Now, our equivalent triangular system was iteratively calculated according to the following algorithm:

$$
\begin{array}{ccccc}
\mathbf{A}^{(0)} = \mathbf{A} & & & \mathbf{y}^{(0)} = \mathbf{y} \\\\
\mathbf{A}^{(1)} = \left(\mathbf{I} - \mathbf{M}^{(1)}\right) \mathbf{P}^{(1)}\mathbf{A}^{(0)} & & &
\mathbf{y}^{(1)} = \left(\mathbf{I} - \mathbf{M}^{(1)}\right) \mathbf{P}^{(1)}\mathbf{y}^{(0)} \\\\
\mathbf{A}^{(2)} = \left(\mathbf{I} - \mathbf{M}^{(2)}\right) \mathbf{P}^{(2)}\mathbf{A}^{(1)} & & &
\mathbf{y}^{(2)} = \left(\mathbf{I} - \mathbf{M}^{(2)}\right) \mathbf{P}^{(2)}\mathbf{y}^{(1)}
\end{array} \: ,$$

where $\mathbf{P}^{(k)}$ is the permutation matrix used to interchange the rows and perform the partial pivoting.
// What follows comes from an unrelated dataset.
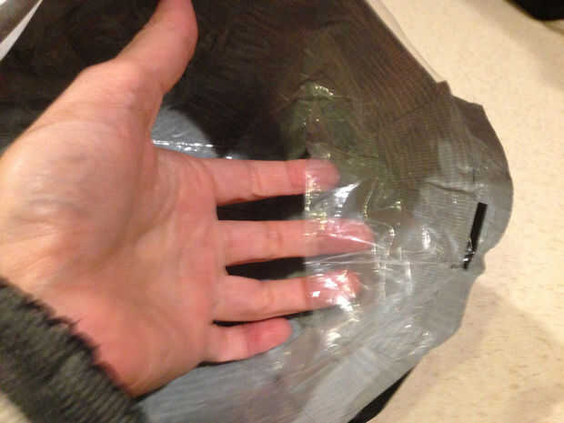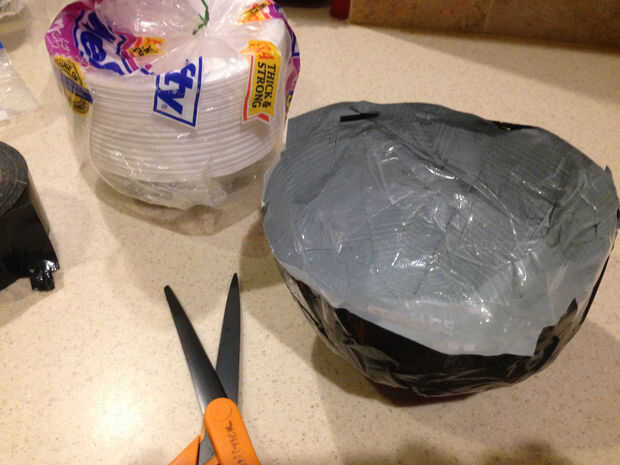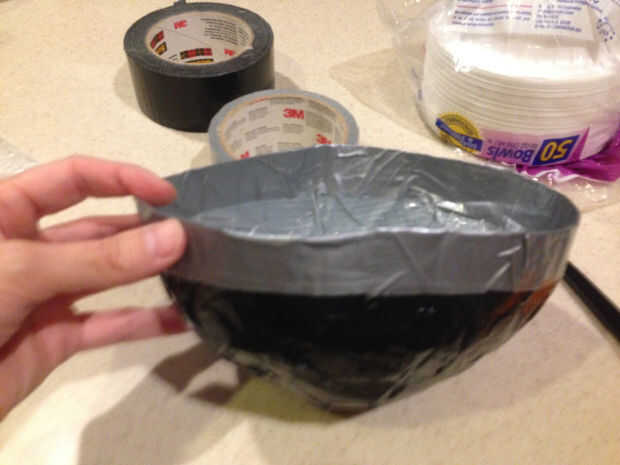 - Tomar la casi-un-perro-bowl su tazón de fuente forma. Presione los lados entre las manos o contra la mesa para asegurarse de que la cinta es segura. Si usted siente cualquier área delgada, reforzarlos con más cinta adhesiva. El interior del recipiente tendrá aletas sueltas de las esquinas de la bolsa de plástico. Probablemente alguien puede imaginar mejor forma de lidiar con estos rincones, pero no afectan la usabilidad del tazón de fuente, así que les dejo.

Or, alternatively,

$$
\mathbf{C}^{(0)} = \left[ \: \mathbf{A} \: \vert \: \mathbf{y} \: \right] \: ,
$$

$$
\begin{array}{c}
\mathbf{C}^{(1)} = \left(\mathbf{I} - \mathbf{M}^{(1)}\right) \mathbf{P}^{(1)}\mathbf{C}^{(0)} \\\\
\mathbf{C}^{(2)} = \left(\mathbf{I} - \mathbf{M}^{(2)}\right) \mathbf{P}^{(2)}\mathbf{C}^{(1)} 
\end{array} \: ,$$

where $\mathbf{B} = \mathbf{C}^{(2)}[ \, : \, , \, :N]$ and $\mathbf{z} = \mathbf{C}^{(2)}[ \, : \, , \, N+1]$.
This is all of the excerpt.